* What the exercise asks: Find the line with "雅加达职业展的一个摊位,海伦" in the data below. Repeat it and every line after it up to the end, exactly, but drop the pictures.

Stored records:
□ □ □
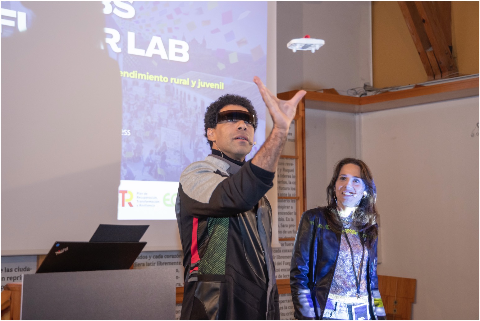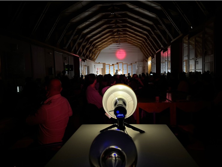 Como parte de la experiencia, los participantes interactuaron con un funcionario del futuro, un personaje vestido con una sudadera blanca iluminada por un latido rojo. Esta figura guiaba la narrativa del evento y reforzaba la idea de que el futuro no es algo que simplemente llega, sino que lo construimos con nuestras acciones en el presente.
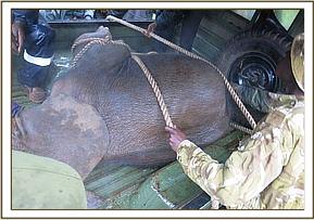 The dam which showed severe lameness was immobilized to examine the extent of injuries. Darting was conducted on foot. We used a combination of Etorphine Hcl 5mg and Xylazine Hcl 60mg in a single 1.5cc DanInject dart. After the procedure the animal was revived using a combination of Naltrexone 150mg and Antisedan 8mg administered intravenously.
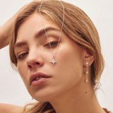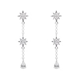 Aro plata de ley 925 de 4 cm de largo con 2 estrellas de plata y gota con circon. Cierre presión
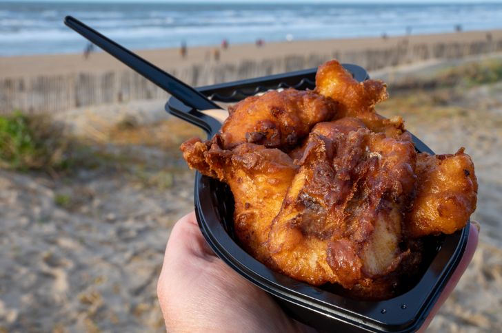 En of je aangeschoten na een middagje strand een bakje kibbeling naar binnen werkt...
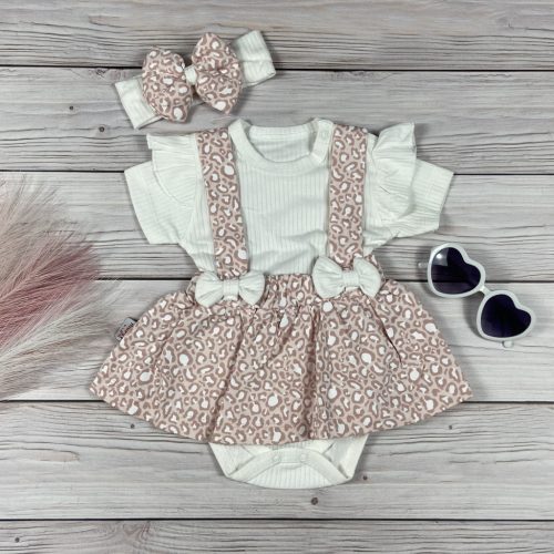 Rózsaszín leopárd mintás kantáros szoknya, bodyval és fejpánttal
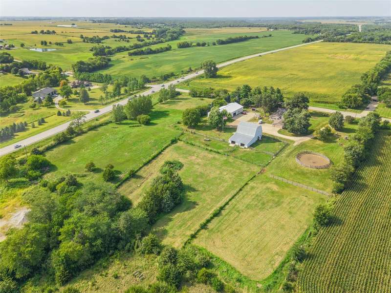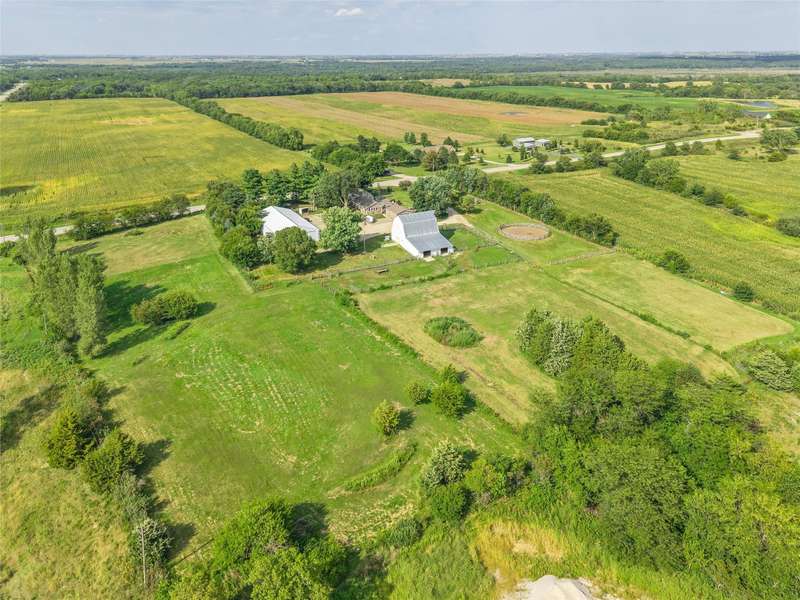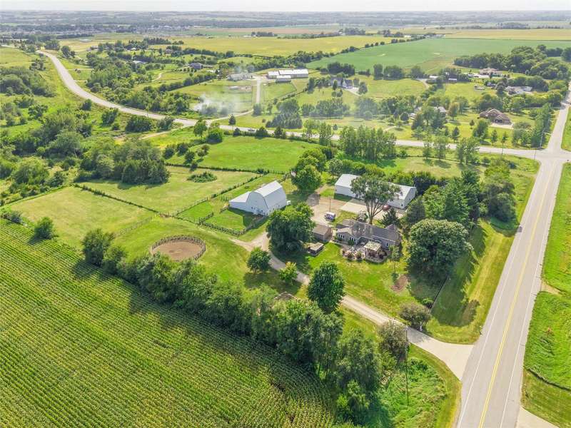 Farmstead setting acreage with 7.6 acres, 3 BR, 4 bath, 3,929 SF farmhouse, 50x104 (1,432 SF) metal storage building blt in 1992, 36x44 classic barn built in 1935, 2-car heated detached garage, 30 horse round riding pen & huge riding arena and fenced pasture. Located on a paved road just 2.6 miles north of Granger, 11 miles north of I-35/80 and just 1.4 miles to Jester Park Nature Center & Golf Course. The metal building is great for vehicle storage, indoor sports like pickleball, basketball, hockey, volleyball, golf or roller blading. Enjoy outdoor activity like horses, livestock, recreational 4 wheeling or dirt bike riding on the motor cross trail, target shooting, hunting, or just quiet living. The home has an open plan with large living room with direct vent fireplace, partially updated kitchen, first floor primary bedroom, first floor laundry, finished basement with rec room for pool or ping pong & theater rm. Utilities are propane HVAC, septic, Xenia rural water & 2 private wells for outside water, Rise Broadband or Verizon internet. Updates include white trim & doors (2019), furnace (2017), central air (2017), roof (2016), wrought iron fence & automatic security gate (2016), propane powered generator in case the electricity is out (2013), all new vinyl windows (2012), outdoor kitchen & patio (2011), wood floors on first floor (2010). This could be the acreage you have been looking for.
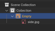 If we look at the "Outliner", we notice (as we have already announced) that it is an "Empty" object, with the image we have loaded associated with it (in our case "side.jpg")
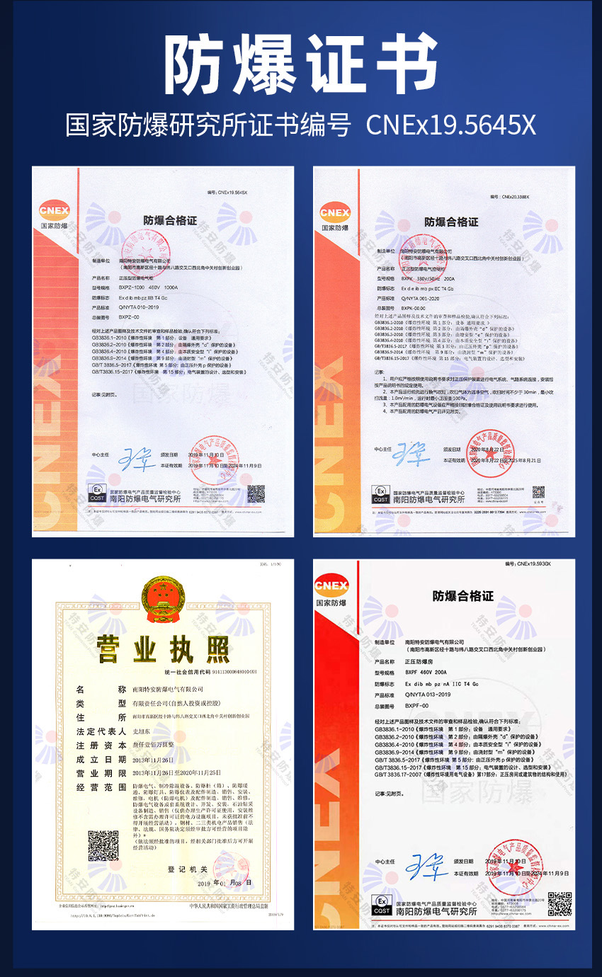 特安防爆專(zhuān)業(yè)生產(chǎn):防爆控制柜,防爆電氣控制柜,防爆電器控制柜,我們擁有防爆研究所頒發(fā)的CNEX合格證,證書(shū)編號為CNEX19.4124
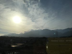 こっちの写真はWinterhawkが送ってきてくれた、この前の駒ケ根公演の時のホテルや駅から見たアルプスの写真や、電車の窓から撮った写真です。
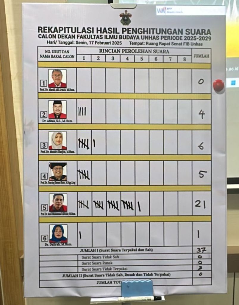 Dengan demikian tersaring nama-nama berikut dalam tahap Penyaringan Tiga Nama Calon Dekan FIB Unhas 2025-2029 yakni Prof. Dr. Andi Muhammad Akhmar, S.S., M.Hum., Prof. Dr. Munira Hasjim, S.S., M. Hum., dan Prof. Dr. Yusring Sanusi B, S.S.
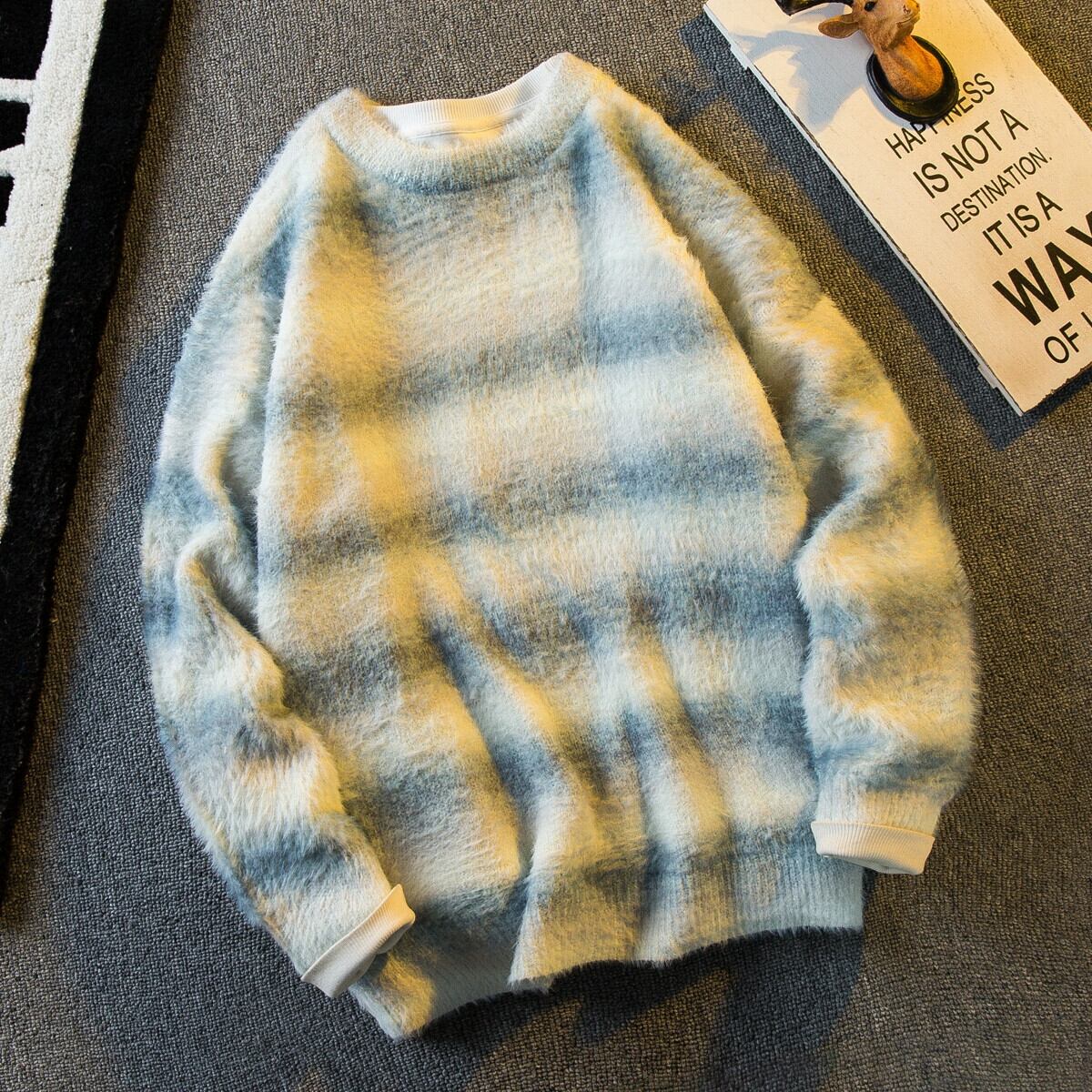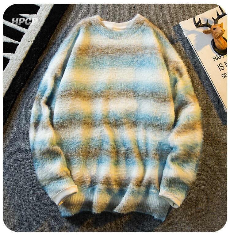 水平トレンディな秋と冬スタイルのストライプスプライシング小さな香りのよいスタイルセーター男性と女性ルーズ怠惰なハイエンドソフトワックスセーター オータム 秋物 ウィンター 冬物 3381951055434226
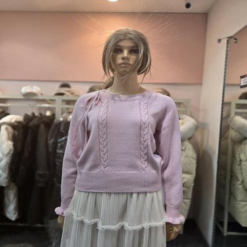 [에고이스트][에고이스트] 꽈배기 러플 리본 포인트 니트 ES1JK-100 (P003761003)
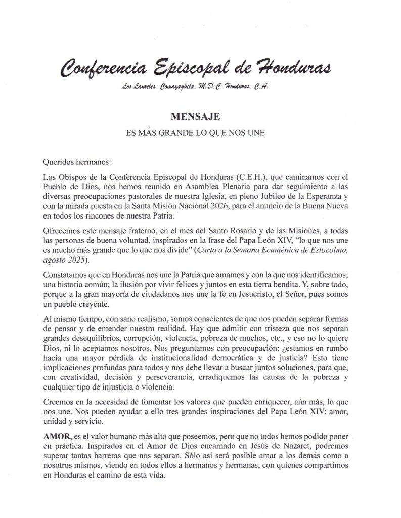 Los Obispos de la Conferencia Episcopal de Honduras (C.E.H.), que caminamos con el Pueblo de Dios, nos hemos reunido en Asamblea Plenaria para dar seguimiento a las diversas preocupaciones pastorales de nuestra Iglesia, en pleno Jubileo de la Esperanza y con la mirada puesta en la Santa Misión Nacional 2026, para el anuncio de la Buena Nueva en todos los rincones de nuestra Patria.
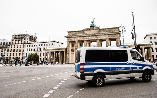 10月8日,在德国首都柏林,一辆警车从勃兰登堡门前驶过。新华社
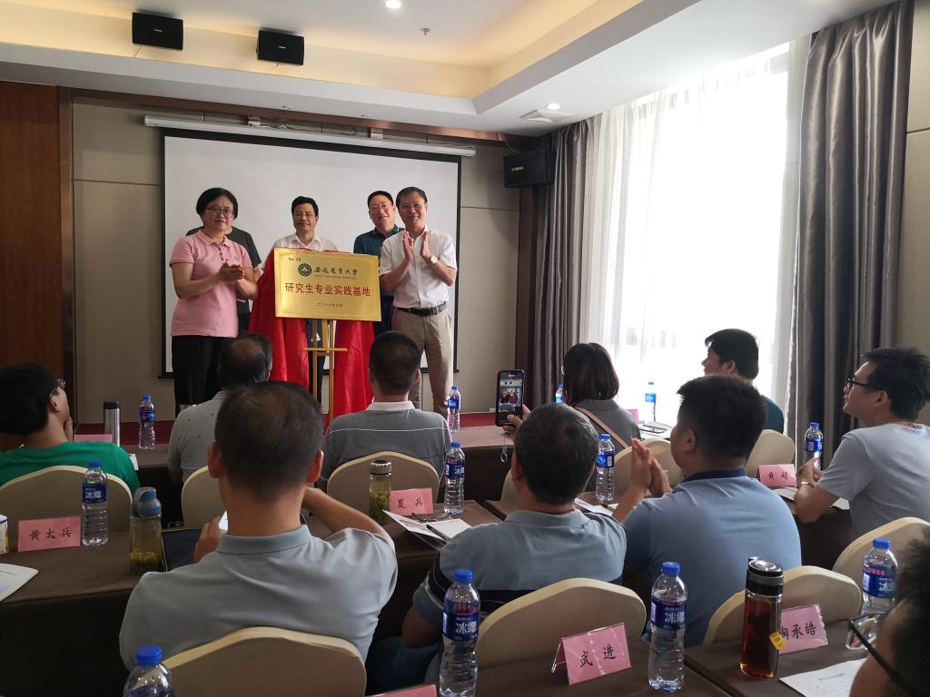 会上,学院还与马鞍山市市场监督管理局共建研究生专业实践基地,杜兆芳和何俊共同为安徽农业大学研究生专业实践基地揭牌。
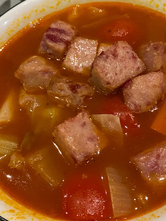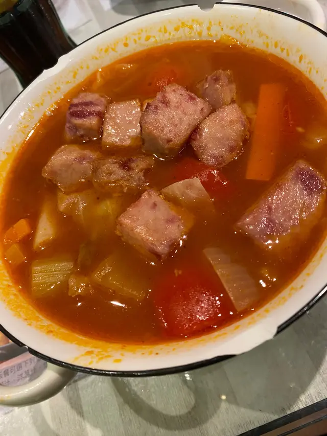醒目既燈箱好有香港特色,不過放工後既我真係好累, 只關心上菜快唔快, 好在無令我失望, 好快就放低左呢碗紅色好SHARP醒既午餐肉粒羅宋湯通粉
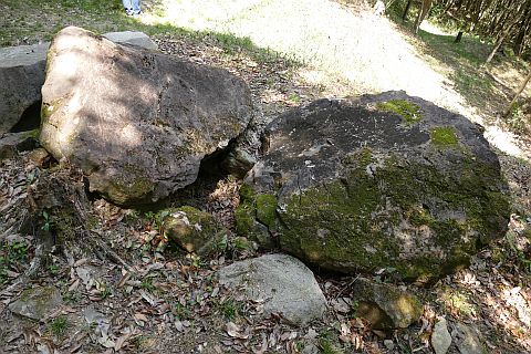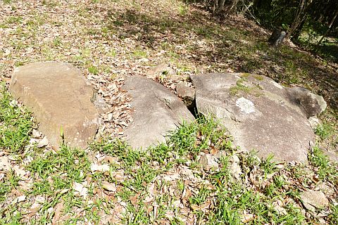 入り口 天井石 長六尺八寸(約206cm) 幅三尺七寸(約112cm) 厚二尺八寸(約85cm) 南面
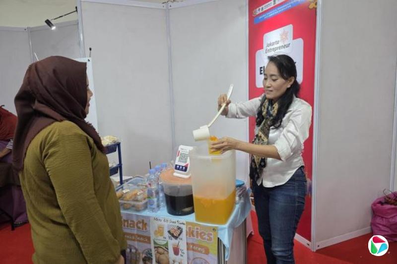 雅加达职业展的一个摊位,海伦娜卖着她亲自烘焙和调制的糕饼、玉米香肠和果汁。过去两年,她通过社交媒体营销,经营小本饮食生意,赚取微薄收入帮补家用。
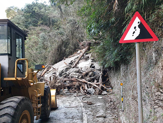 臺灣中橫公路塌方致雙向交通中斷 中午12時前或搶通
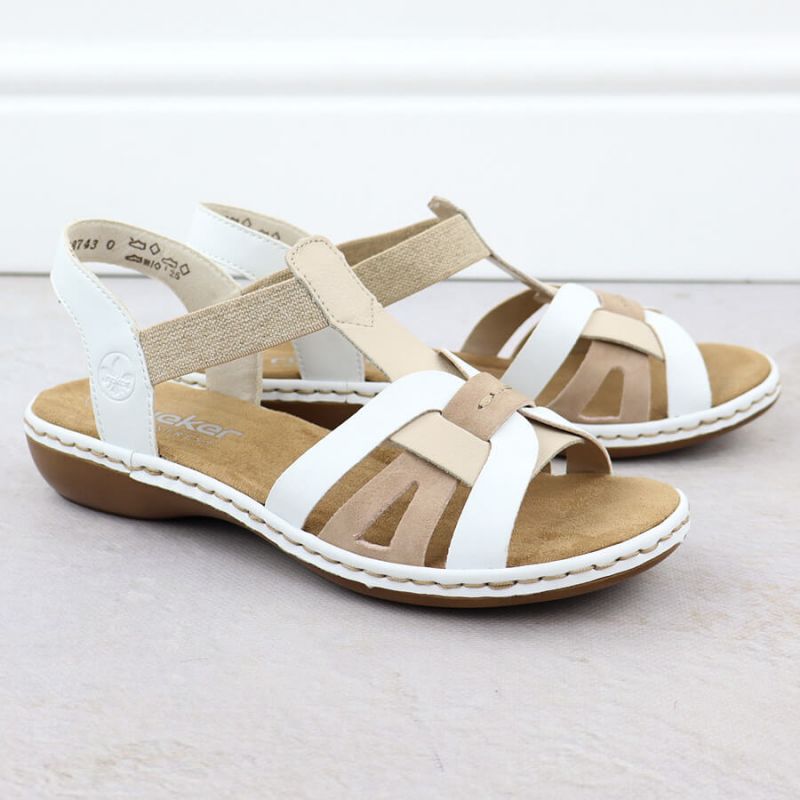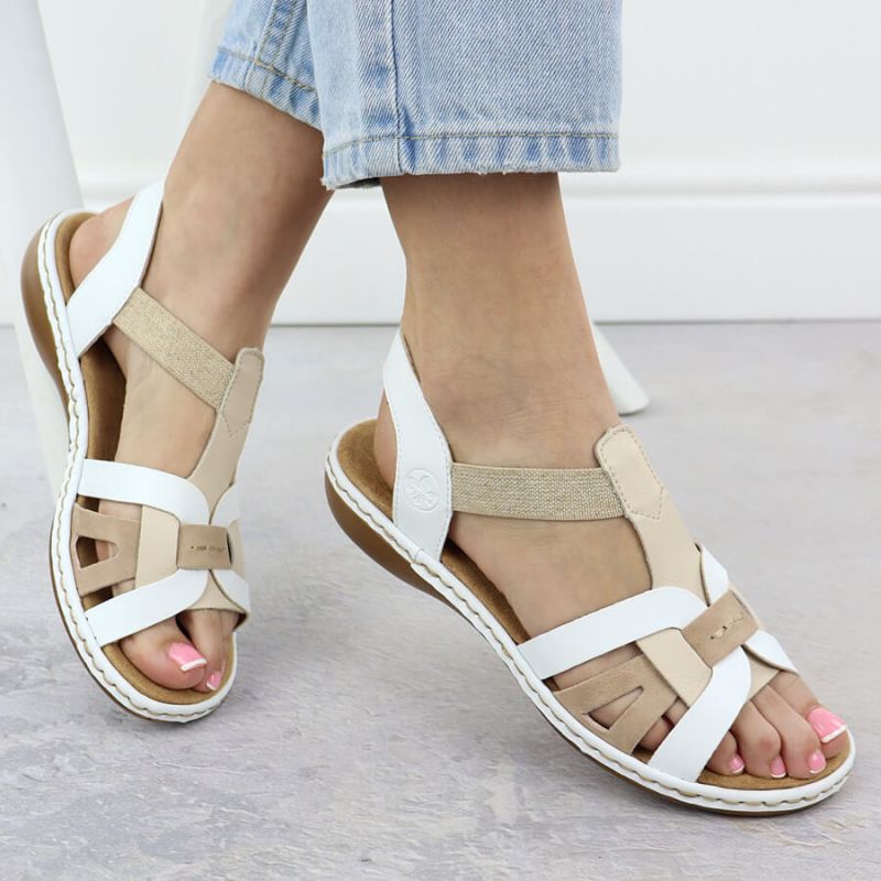 Komfortowe sandały damskie wsuwane na gumki białe Rieker 65918-81
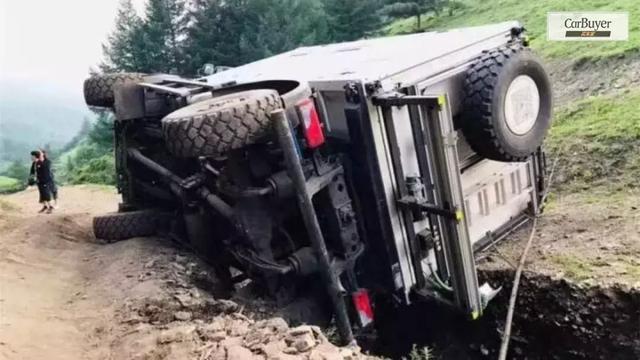 翻车的原因想必一看就能了然——重心实在太高了。笔者曾在原先通过“康恒沟”的时候留意过车内坡度计上的显示,坡度计上的侧倾表底为三十度,实际通过时的指针已经超过表底,估算有接近四十度的侧倾。这辆越野房车的极限侧倾角度我们虽然不得而知,但这就牵扯到另外一个问题:别人没翻的地方,你说不定就会翻。
□ □ □
* Solved problem:
 雅加达职业展的一个摊位,海伦娜卖着她亲自烘焙和调制的糕饼、玉米香肠和果汁。过去两年,她通过社交媒体营销,经营小本饮食生意,赚取微薄收入帮补家用。
 臺灣中橫公路塌方致雙向交通中斷 中午12時前或搶通
 Komfortowe sandały damskie wsuwane na gumki białe Rieker 65918-81
 翻车的原因想必一看就能了然——重心实在太高了。笔者曾在原先通过“康恒沟”的时候留意过车内坡度计上的显示,坡度计上的侧倾表底为三十度,实际通过时的指针已经超过表底,估算有接近四十度的侧倾。这辆越野房车的极限侧倾角度我们虽然不得而知,但这就牵扯到另外一个问题:别人没翻的地方,你说不定就会翻。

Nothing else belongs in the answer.